After all that, it is left to practice and experience to get the best result. It will take hours to completely burn through the whole load and it is likely some of the charge will not be charred at all. No harm however, as it is expedient once the fire is out the next day or so to lift off the ring and blend the biochar and capping soil and any unburnt feedstock into a homogenous product.

This should give any gardener ample material to work with particularly if he employs hills formed with a shovel full of this blend.

If you are really keen, you can review my posts from last year on the making of a corn stover earthen kiln. That is for a field of corn and a few willing backs and I believe is how the Indios made the large fields in the first place after it was first discovered as a result of backyard midden piles.

Anyway, this is as minimalist as I can make it, although an earthen wall and a stove pipe to allow air into the bottom may work well also. That can be a pit with the same stove pipe at work and that emulates some rough charcoal making where efficiency does not matter much, since they lacked the stove pipe.

I would not recommend at this time applying this method in large operations simply because the smoke and unburned gases would likely be huge. Practice may prove otherwise and assuming that a closed modern system is obviously better may well be wrong.

This should help anyone anywhere experiment with biochar, particularly where subsistence farming is practiced and the only tools available are usually strong backs.


Folke said...

I very much agree with the notion of counteracting global warming simultaneous with increasing soil fertility. However, I am uneasy about your charring method.

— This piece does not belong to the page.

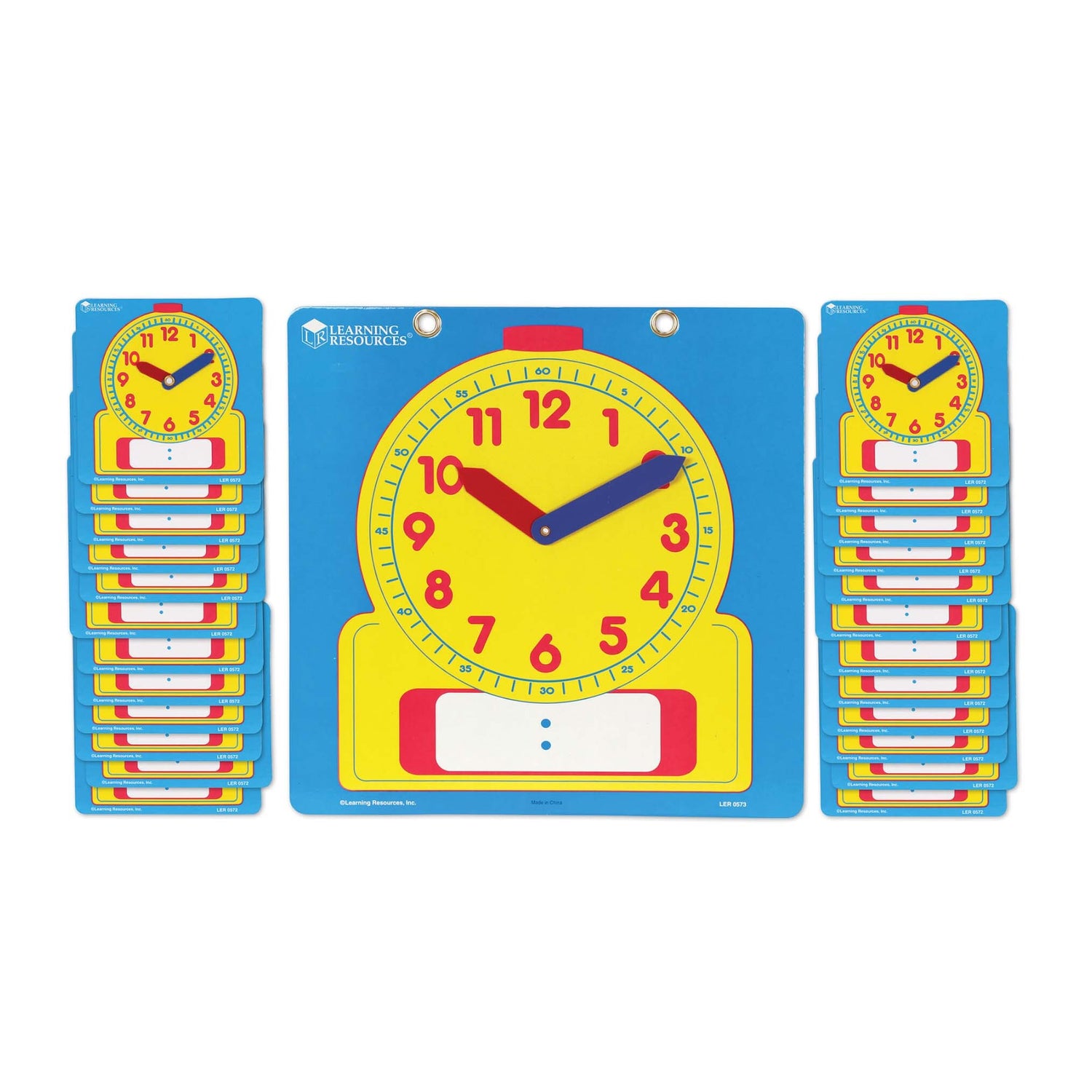 These laminated write & wipe clocks feature movable plastic hands and a place to write in the digital time. Ideal for introducing primary numeracy classes to the concept of time these student clocks measure 11cm square while the demonstration clock measures 30.5cm square.

There is a risk the fumes contain GHG:s as methane, making the sake worse and giving the method bad-will. A similarly simple method, but with a flame-off of the gasses is described on my homepage at http://www.holon.se/folke/carbon/simplechar/simplechar.shtml
Folke G√ľnther

arclein said...

Hi Folke

the problem with methane is grossly over promoted for a nomber of very good reasons, although the true belevers will never listen.

It migrates rapidly into the troposphere to start with. It really does not linger and i suspect that the science quoted is pretty suspect. what is clear is that the land halo over the ocean dimishes very quickly which simply confirms what i am saying.

more importantly, any natural production system should be designed around a charge of hot coals that burn top down creating a chimney. This chimney will draw all the production gases through the burn front eliminating all the volitiles except for CO2.

Otherwise you have a campfire and no biochar. there is some cute work here if you build an earthen kiln around these principles.

The fact is is that traditional charcoaling was based on maximising the burning of the volitiles to get the heat.